Safe in my office

Safe in my office

Today I had to face one of my biggest fears. Public speaking.

Does it count if it's done remotely on a Teams call? I'm not entirely sure it's the same thing, but I was terrified, so I'm counting it.

Some context. We recently launched a new feature and I was heavily involved in its planning and development. It was a proud moment, a foundational piece for what comes next, and one that showed me I can hold up under pressure and tight deadlines. What I didn't anticipate was being asked to present it to the whole company. Everyone, from the CEO to the most recent junior hire.

The decision came the afternoon before the meeting. Not ideal preparation time.

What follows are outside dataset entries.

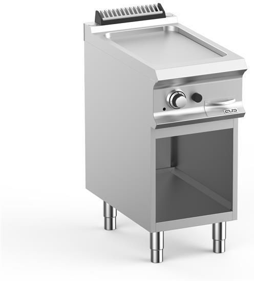 Płyta grillowa na podstawie z linii DominaPro 700 marki MBM Cechy: • NOWOŚĆ! Płyta grillowa umieszczona 3 cm poniżej poziomu blatu • Płyta grillowa o grubości 15 mm, z zaokrąglonymi narożnikami, wykonana ze stali węglowej, polerowana lub chromowana. • Opcjonalny, łatwo wyjmowany, teflonowy korek ułatwiający czyszczenie i zrzut tłuszczu do nierdzewnej szuflady o pojemności 2 l • W modelach o szer. 70 cm możliwość gotowania różnych produktów dzięki niezależnym elementom grzewczym (gaz/el.) • Płyta chromowana pozwala na przyrządzanie różnych produktów bez ryzyka mieszania sie smaków i zapachów (wybrane modele). Umożliwia to gotowanie bez potrzeby czyszczenia płyty w ciągu dnia pracy • Ponadto chromowana powierzchnia emituje mniej ciepła, co sprawia, ze praca jest bardziej komfortowa i przyjazna dla użytkownika Solidność: • Blat roboczy 1,5 mm ze stali stal nierdzewnej AISI 304 18/10 • Płyta grillowa 15 mm gładka lub chromowana • Dno ze stali nierdzewnej gwarantuje lepsza odporność • Klasa wodoodporności IPX5 Osiągi: • Jednorodność temperatury i precyzyjna kontrola termostatyczna od 145 do 290 °C (wersje gazowe) i od 75 do 290 °C (wersje elektryczne), umożliwia przygotowanie również delikatnych potraw Higiena: • Nowe wspawane w blat płyty dla zapewnienia maksimum higieny • Nowa zdejmowana osłona przeciw bryzgowa (opcjonalna) ułatwiająca czyszczenie • Idealnie gładka powierzchnia blatu dzięki niewielkiej liczbie śrub • Zdejmowane dno w celu ułatwienia czyszczenia obszaru pod urządzeniami Konserwacja: • Nowy kominek bez śrub łatwy w demontażu • Tylny przedział techniczny ułatwiający podłączenie do mediów • Łatwy w demontażu panel przedni umożliwia natychmiastowy dostęp do komponentów
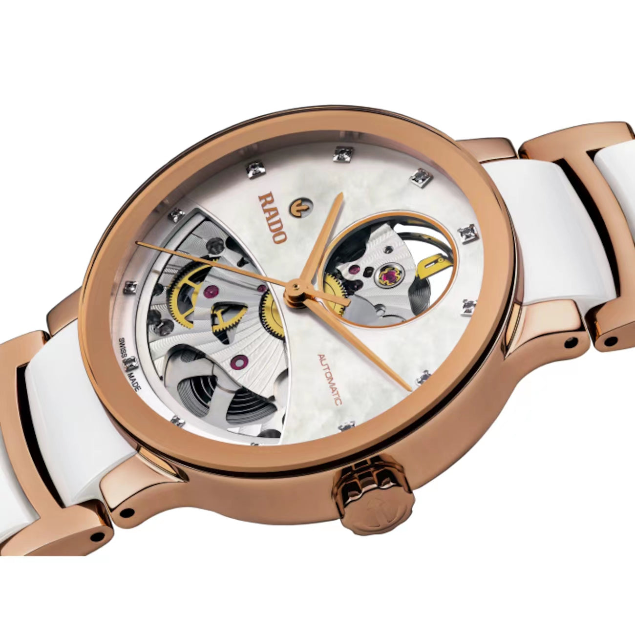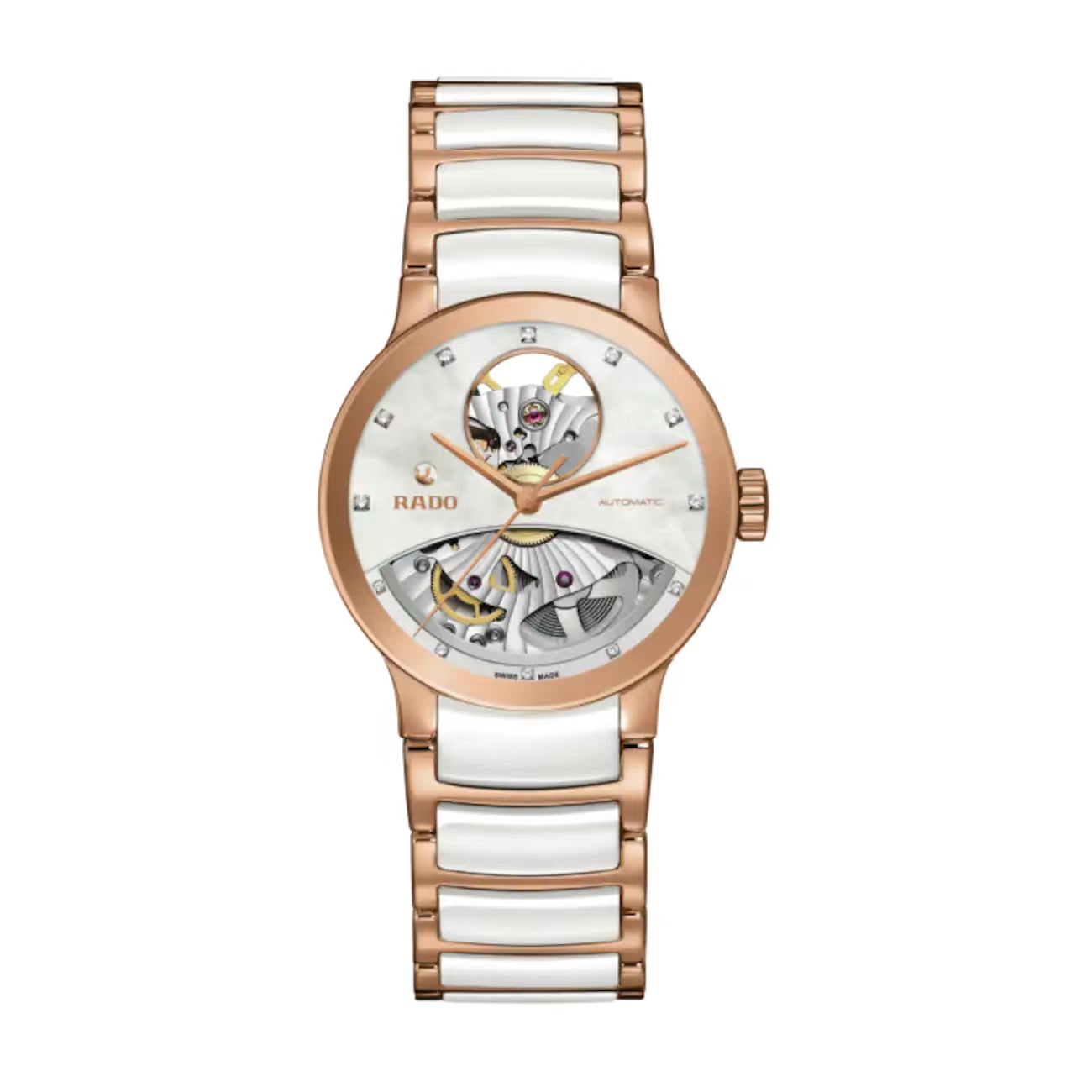 The popular Centrix collection proves it’s what’s inside that counts with the Automatic Open Heart Diamonds offering a glimpse of the quality Swiss automatic movement inside and a glamorous sprinkling of diamonds on the cut out dial. With Rado’s signature sapphire crystal adding scratch-resistant shine, these watches are designed to look good for life
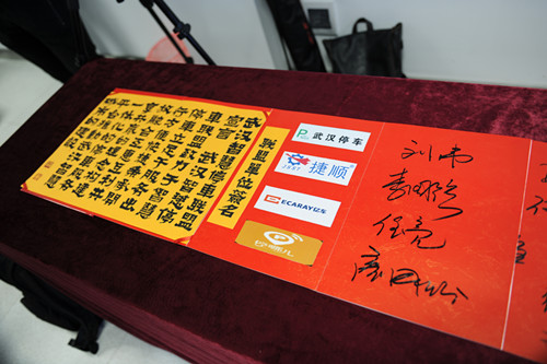 公司董事长刘伟、深圳市捷顺科技实业股份有限公司武汉公司董事长李国强、深圳市前海亿车科有限公司副总裁任亮、无线飞翔科技有限公司董事长颜国顺作为联盟成员在联盟宣言上签字。
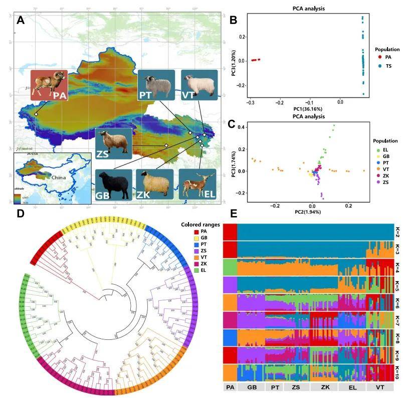 本研究共有130只绵羊,其中6个不同品种(EL,GB,PT,VT,ZS,ZK)的120只藏绵羊,10只盘羊的测序数据来自NCBI(图1A)。
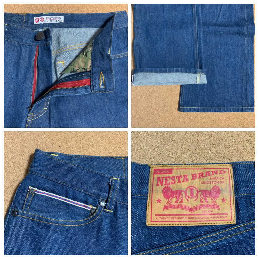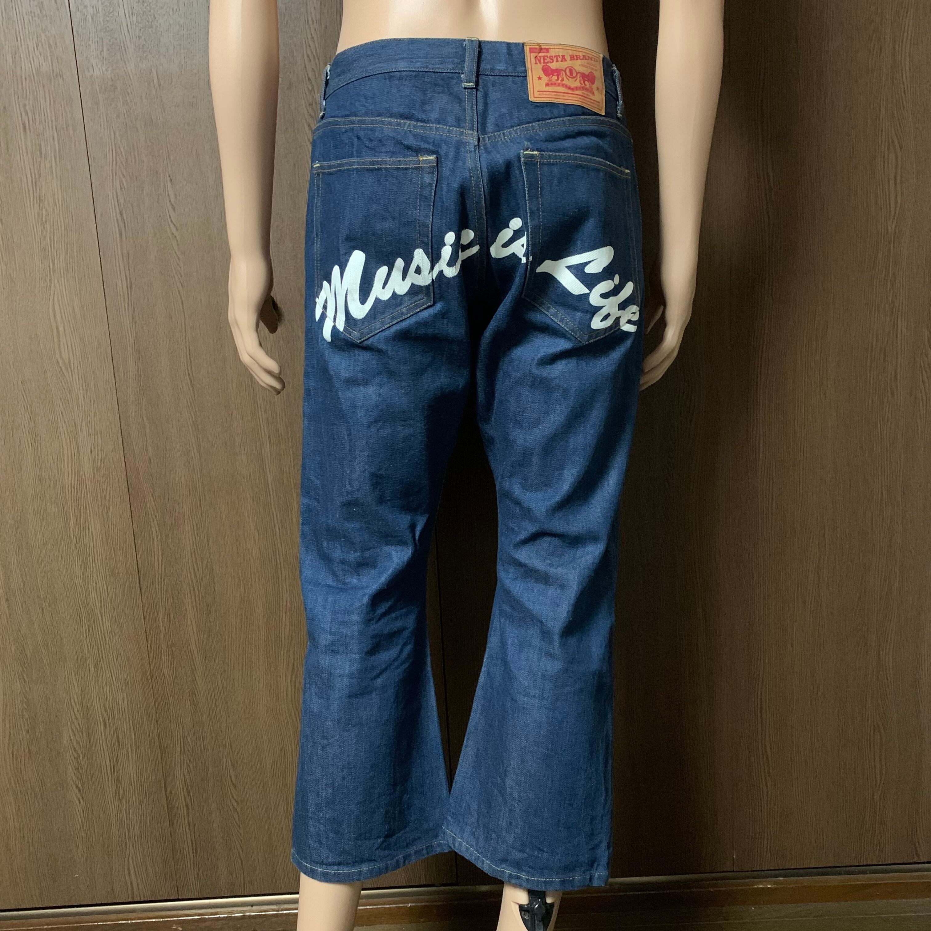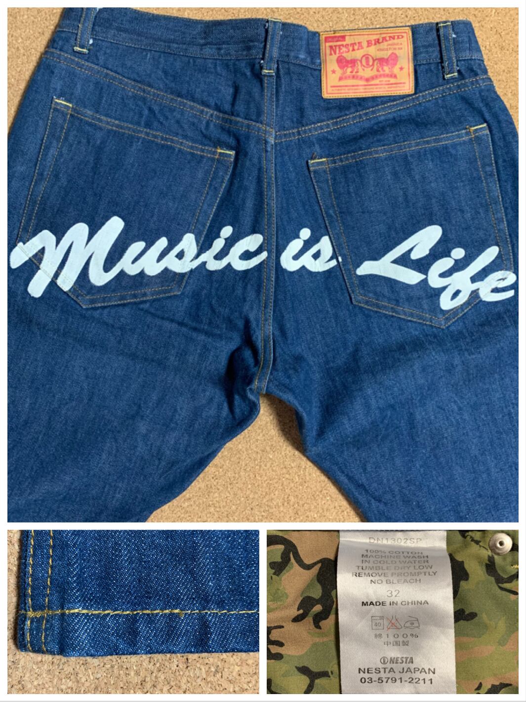 NESTA BRAND ネスタ ブランド デニムパンツ ジーンズ Gパン 背面プリント バックプリント music is life 革パッチ 迷彩柄裏地 カモフラージュ 裾上げ済み ストリート

But somewhere underneath the panic, I noticed something: the fact that they trusted me to pull this off at short notice, for a milestone this visible, gave me a quiet boost of confidence I didn't expect.

This wasn't my first time. When I presented a feature early in my time at the company, the anxiety was something else entirely. I lost sleep. I spent days rehearsing, wrote out every line, marked up my notes with reminders about when to pause and when to click through the prototype. I prepared obsessively and still felt physically sick on the day. When it was over, I mostly just dreaded the next time.

This time was different, and the difference surprised me.

Yes, I was nervous when the call started, and in the minutes leading up to it. But the nervousness stayed contained. It was about the performance, the accent, the delivery, the usual surface-level fears. Those I can accept. What was absent this time was any anxiety about the content itself. I knew this feature inside out. The technical decisions, the reasoning behind them, the next steps we're planning to build on top of it. I could have answered almost any question thrown at me.

That foundation changed everything. I prepared in a few hours, slept fine, and felt focused rather than frantic. While waiting for my turn on the call, I worked on my breathing and reminded myself of something simple: I was in my office. Safe. Not standing in front of a room.

One more thing helped. I actually knew people this time. I wasn't a new face presenting to strangers. I'd worked with many of them, met others at company events, had real conversations. It reframed the whole thing, less like a performance, more like showing something to people I'd already earned a place alongside.

Once I started, it flowed. The same feeling as an exam at school, the moment you begin and everything you prepared just surfaces. I covered the key points, not just the technical ones but the aspects relevant to product, design, marketing, and customer support. Then I thanked everyone, asked for questions, and handed over to the next colleague.

Done.

It was well received. People told me privately and in the chat that it landed well. The anxiety drained away almost immediately, replaced by that particular kind of tiredness that comes after sustained effort, and underneath it, something that felt like pride.

Experience compounds. The first time was hard and I survived it. This time was hard and I handled it better. That's how it works. It all builds into a store of context I can draw on the next time, because there will be a next time, and it will be a little less frightening than this one.

What started as a dreadful prospect ended up being the highlight of the week.